Nous avons dit qu’en quittant Nîmes le général Gilly avait laissé dans les casernes, où elle s’était fortifiée, une partie de la garnison composée de soldats attachés à l’empereur, enivrés du souvenir de sa gloire, dont ils avaient leur part, et que sa chute exaspérait. Témoins de l’irritation qui s’empara de la ville délivrée et qu’aggravaient leur résistance et leur attitude menaçante, ils en subissaient le contre-coup. Une collision devenait imminente entre eux et la population, dont un grand nombre de paysans royalistes était venu exciter les ardeurs. Les hommes modérés qui conservaient encore quelque autorité entreprirent d’apaiser les esprits et ouvrirent avec le général de Maulmont, disposé à entrer dans leurs vues, des négociations ayant pour but d’éviter l’effusion du sang et de faire disparaître une batterie d’artillerie dressée devant les casernes. Le général de Maulmont consentit à livrer ses canons à une compagnie d’élite de la garde nationale, qui s’était formée sous le commandement du maire pour assurer le maintien de l’ordre. Mais dans la journée du 17 juillet, devant la foule houleuse massée sur la place, des casernes et que ne parvenaient pas à contenir quelques gendarmes effrayés de leur petit nombre, les soldats placés aux croisées, soit que cette foule les eût provoqués, soit que la convention consentie par leur général les eût affolés, sautèrent sur leurs fusils et firent, sans avoir reçu des ordres, une décharge générale.

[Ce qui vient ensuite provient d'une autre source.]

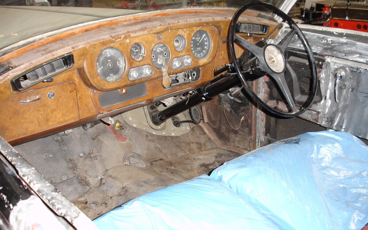 The right-hand drive interior is absolutely a work in progress. There is a walnut dash, replete with a full set of gauges in place, and red leather-covered seats too, but there is still much to be accomplished. The convertible top frame has been completed and is in place – the seller claims, “it opens and closes quite easily“. Back to those seats, Connolly hides or not, they’ll need attention but that’s a small matter compared to the entire scope of the remaining work yet to be performed.

Douze personnes tombèrent, onze tuées sur le coup, une blessée mortellement[1]. La place fut vide en un instant. La foule, réfugiée dans les rues voisines, poussait des cris de vengeance. Il y eut encore des coups de feu qui blessèrent plusieurs personnes et tuèrent deux soldats. Le tocsin sonnait à toutes les églises. La municipalité envoyait en toute hâte des messagers à Beaucaire et à Uzès, sollicitant des secours afin d’arrêter la guerre civile. Grâce à l’intervention du général de Maulmont et à la fermeté de quelques officiers, la garnison capitula vers le soir. Les soldats brisèrent leurs armes, déchirèrent leurs drapeaux, enclouèrent les canons, jetèrent les munitions dans un puits, tandis que le général stipulait que les officiers garderaient leur épée. Le départ de la garnison devait avoir lieu dans la nuit. A trois heures, elle sortit des casernes en bon ordre, ayant à sa tête le général de Maulmont, et défila silencieusement devant un assez grand nombre de spectateurs. Tout à coup des hommes de

  1. Voici les noms des victimes : Mazoyer, Bressant, Castor, Aimé, Maurice, Nouvel, Aigon, Sadoul, Daussac, Française, Rouvière, Claude Philippe.